Zalimler korkak olur. Zulmün bir temeli de korkudur. Korktukça daha fazla zulmederler.

Ama korkunun ecele faydası yoktur. Zulüm ve zalimler de ölümü tadacaktır.

Sivil toplum düşüncesini Türkiye’ye sol versiyonları daha çıkmadan, Kürşat Bumin’in taşıdığını söyleyebiliriz.

Türkiye'nin en başarılı yazar kolektifi olan YAZKO, Türkiye'nin 12 Eylül darbesine savrulduğu günlerde, Mustafa Kemal Ağaoğlu'nun öncülüğünde kurulmuştu. Ve darbe sonrası entelektüel yaşamın devam edebildiği ve kendini yaşatabildiği, 12 Eylül'ün alaca karanlığında ışık saçan çok başarılı bir örnek sergilemişti. Üyesi olan yazarların kitapları yanında, Memet Fuat'ın yönetiminde bir edebiyat, Selahattin Hilav'ın yönetiminde bir felsefe, Ahmet Cemal'in yönetiminde  bir tercüme dergisi de çıkarıyordu. Ne yazık ki bu ülkede başarılı bir ürün ortaya çıktığında, sahiplenmek isteyen muhterislerimiz de ortaya çıkar. Mustafa Kemal Ağaoğlu'nu kaçırtmayı başardılar. Keşke sürdürmeyi becerebilse muhterisler! Proje de önce sönümlendi, sonra sona erdi.

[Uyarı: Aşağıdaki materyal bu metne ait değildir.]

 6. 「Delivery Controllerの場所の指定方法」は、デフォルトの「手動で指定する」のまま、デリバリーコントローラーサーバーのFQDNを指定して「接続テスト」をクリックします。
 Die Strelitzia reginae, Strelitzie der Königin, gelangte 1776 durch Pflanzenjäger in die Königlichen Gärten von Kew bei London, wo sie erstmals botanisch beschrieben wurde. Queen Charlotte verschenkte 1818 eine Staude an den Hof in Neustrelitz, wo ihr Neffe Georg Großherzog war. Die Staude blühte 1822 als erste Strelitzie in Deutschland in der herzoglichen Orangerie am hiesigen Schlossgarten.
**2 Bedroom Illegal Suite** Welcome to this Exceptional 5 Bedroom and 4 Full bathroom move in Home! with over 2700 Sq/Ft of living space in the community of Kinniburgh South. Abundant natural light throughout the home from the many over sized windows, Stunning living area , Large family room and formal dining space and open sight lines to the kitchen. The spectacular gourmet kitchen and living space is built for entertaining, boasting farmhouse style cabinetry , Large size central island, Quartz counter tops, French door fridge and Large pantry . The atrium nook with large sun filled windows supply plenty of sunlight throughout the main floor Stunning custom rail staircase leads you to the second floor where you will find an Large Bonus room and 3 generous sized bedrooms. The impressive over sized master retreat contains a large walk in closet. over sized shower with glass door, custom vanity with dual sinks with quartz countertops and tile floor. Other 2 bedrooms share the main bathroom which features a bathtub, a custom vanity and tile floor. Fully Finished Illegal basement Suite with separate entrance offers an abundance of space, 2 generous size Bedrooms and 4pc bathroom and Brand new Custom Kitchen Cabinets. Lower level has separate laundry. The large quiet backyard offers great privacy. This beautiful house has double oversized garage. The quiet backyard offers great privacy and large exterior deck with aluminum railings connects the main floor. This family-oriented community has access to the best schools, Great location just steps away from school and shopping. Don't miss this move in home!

Sevgili Kürşat Bumin ile eşi Tulin Bumin doktora için bulundukları Paris'ten yeni dönmüşlerdi. Ve 1981 yılında, 90 gün gözaltıların, dal gruplarının, Diyarbakır, Mamak ve Metris toplama kamplarının, kafeslerin aralıksız zulme devam ettiği günlerde YAZKO, Kürşat Bumin'in ilk kitabı "Sivil Toplum ve Devlet"i yayınladı.

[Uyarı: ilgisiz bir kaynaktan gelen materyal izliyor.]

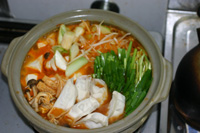 今日は雨が降ってて寒かったので、お鍋にしちゃいました。もちろん私の大好きな「にら」たっぷりです。市販の鍋つゆに1手間加えた辛味噌なべです。コチュジャンたっぷり入れちゃいました。材料は豚ばら肉 ・・・200gくらいかなにら ・・・1束もやし ・・・1袋えのき ・・・1袋しめじ ・・・1袋ネギ ・・・2束餃子 ・・・6個もやしに味がしみこんでかなりうまうまでした。今年の鍋の定番に仲間入りさせたいと思ってます。
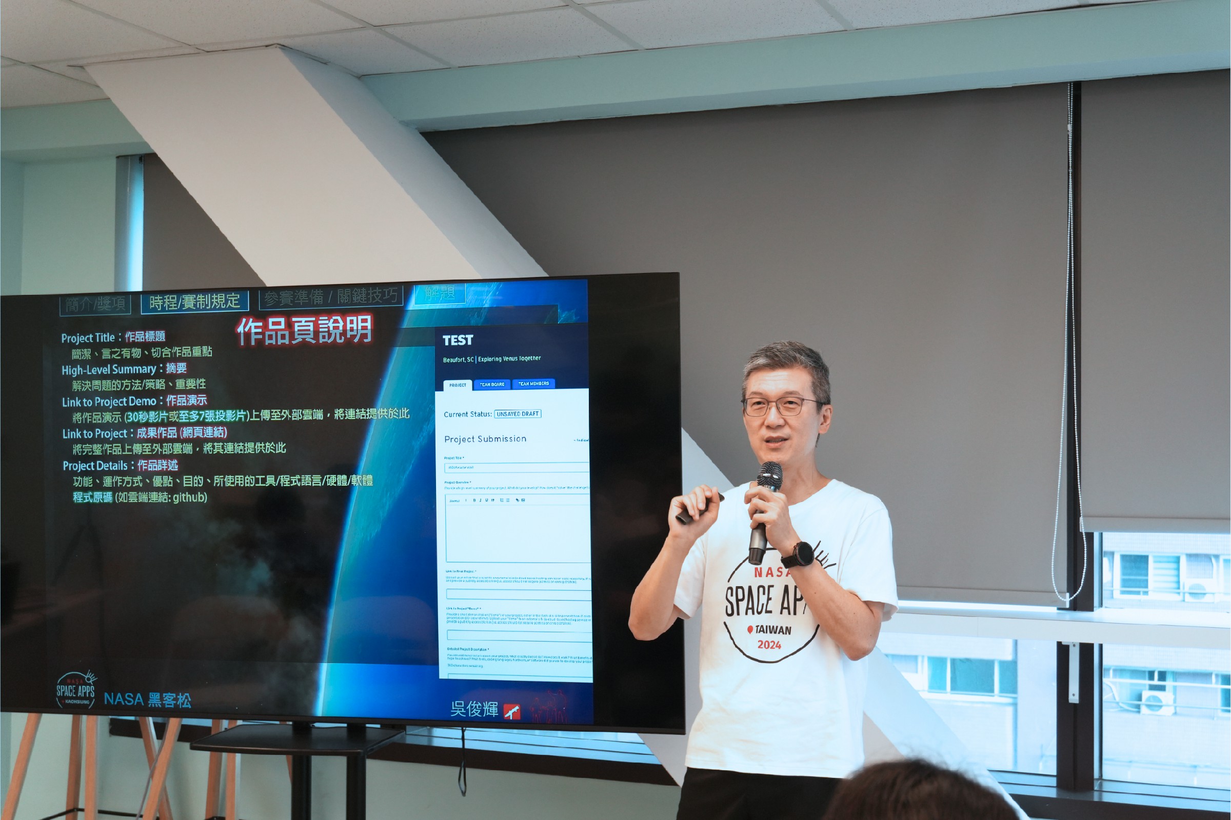 說明會由NASA黑客松台灣區總召吳俊輝教授與TASA大空教育總監鄭現生介紹賽事規則與精神,並邀請2021年全球冠軍「AnisCuff」與2023年金牌隊伍「quality over quantity」分享經驗。現場也安排新創廠商展示AI、大數據及無代碼平台技術,氣氛熱絡,展現創新動能。吳俊輝表示,高雄不僅是國際港都,也是新創能量快速聚集的城市,透過NASA黑客松,青年團隊將能把地方創意帶上國際舞台。
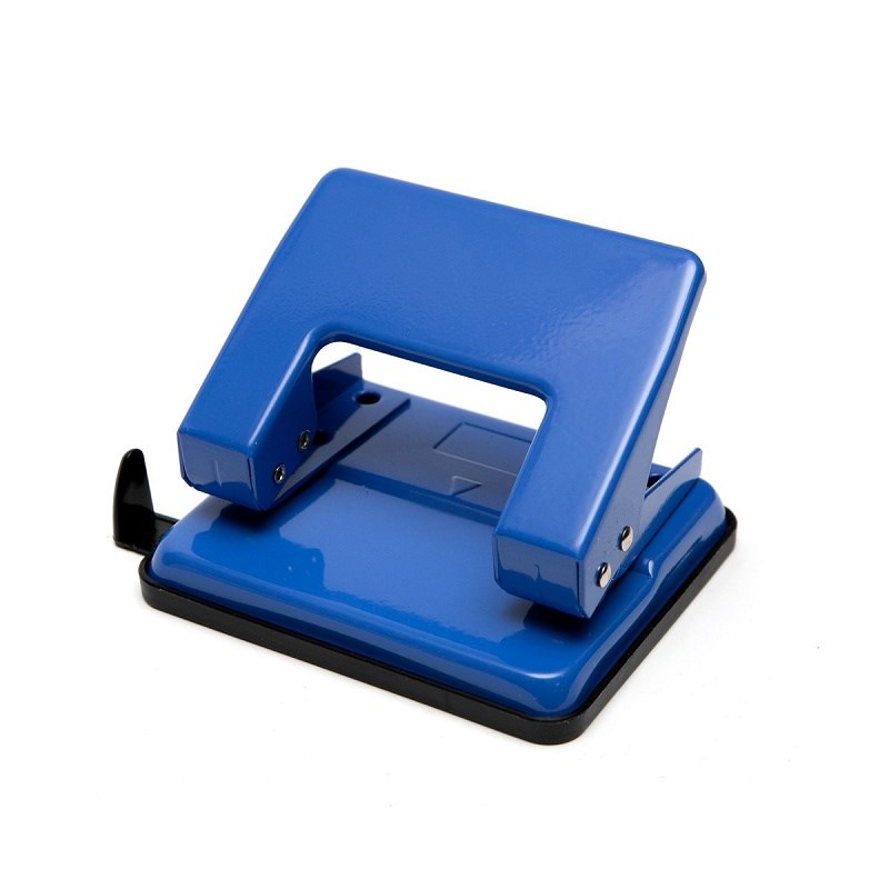 Канцелярский дырокол для бумаги высокого качества на 2 отверстия стандартного расстояния с пробивной силой на 20 листов, оснащен для удобства ограничительной линейкой, контейнером для сбора конфетти, фиксатором и резиновой нескользящей накладкой.
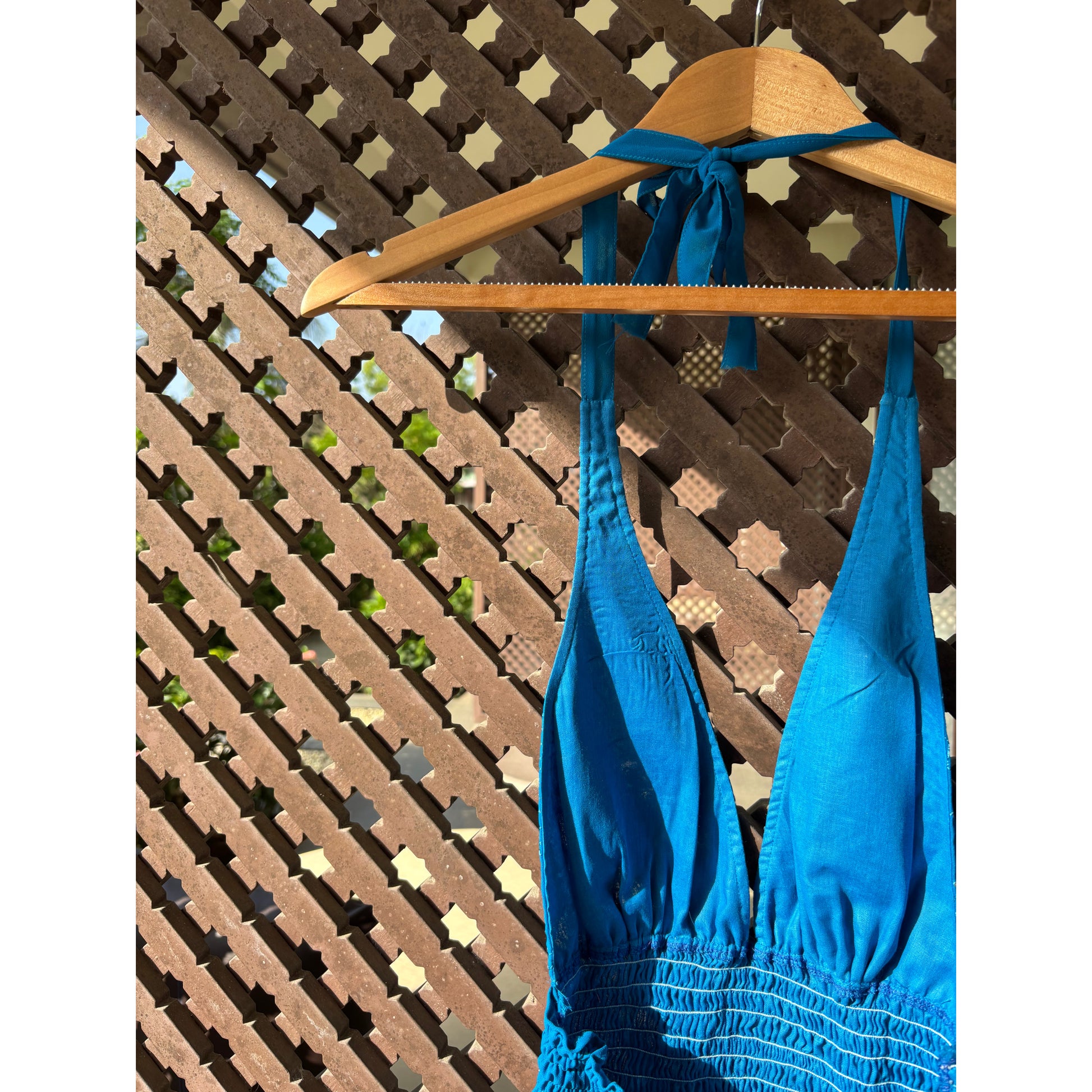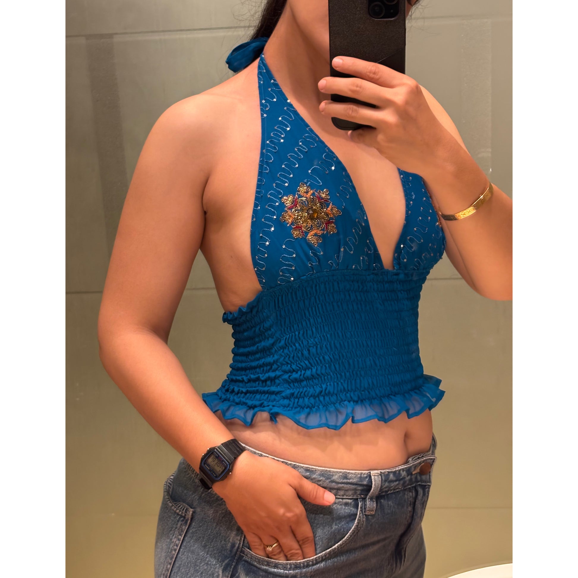 Make a bold and elegant statement with this cobalt blue halter top, adorned with intricate floral hand embroidery and mirror accents. The soft smocked waist hugs your body comfortably while the sheer ruffle hem adds a romantic touch. Designed for bold hearts and easy movers.

1982’de Alan yayınlarını kurduğumda, Düşünce dizisinde Kürşat Bumin’in "Batıda Devlet ve Çocuk"unu heyecanla yayınlamıştım. Sanırım sevgili Babür Kuzucu aracılığıyla tanışmıştık. Belki de ilk kitabıydı dizinin. Bu dizi de Murat Belge’nin Demokrat gazetesinde çıkmış olan köşe yazılarını da, "Tarihten Güncelliğe" başlığı ile kitaplaştıracaktık. Hani onun ilk kitabını yayınlamış olmaktan keyif almıştım. Aslan Kahraman ile harika bir kapak dizaynı hazırlamıştık bu dizi için. Kitap adının ön kağağın yan ucunda yazıldığı…Bu arada eski Alan Yayınları'nın sahafiyede değerli kabul edilmesi çok hoşuma gidiyor.

Devlet deyip de, Hegel’e dokunmadan geçilmez. Tülin Bumin’in de "Hegel /Bilinç Problemi, Köle-Efendi Diyalektiği Praksis Felsefesi" adlı kitabını yayınlayacaktım düşünce dizisinde. 

Ceberrut devletin azgınlaştığı bir dönemde yaygınlaştı sivil toplum düşüncesi.

Birçok aydın 28 Şubat postmodern darbesine karşı çıkarken, bunun zemininde sivil toplum düşüncesi vardı. Bunun bedelini gazeteciler düzeyinde ödediler de.

Sonunda Türkiye’nin yönetimi "sivilleşti"! Ama ne sivilleşme!

Osman Kavala senaryo davasını kalabalıklaştırmaya birileri karar verdi. Tam da Kürşat Bumin’in ölümüne denk düştü. Siyasal İslam'ın teşekkürü!

Her yeni kuşak ceberrut devletin haznesinden geçiyor. Ceberrut devlet kılık kıyafet değiştirmede de usta.

Murat Çelikkan, gencecik yaşında tanıştı Mamak temerküz kampı ile… Şimdi meğer sıra eşindeymiş.

Çiğdem Mater’in tutuklandığı haberi sosyal medyaya düştüğünde bir görüntü düştü belleğime, İzmir’den vapurla İstanbul’a geliyoruz;  Nadire, Alime, Ayşe ve çocuklar Deniz, Çiğdem ve Ertan… Deniz vapurun bacasına tırmanıyor. Çiğdem ve Ertan peşinde... Küçük yaşlarında Mamak ve Metris ile tanıştılar ziyaret kapılarında, annelerini babalarını görmek için... Ve şimdi sıra onlarda olmamalıydı. Demek ki biz beceremedik böyle olmamasını.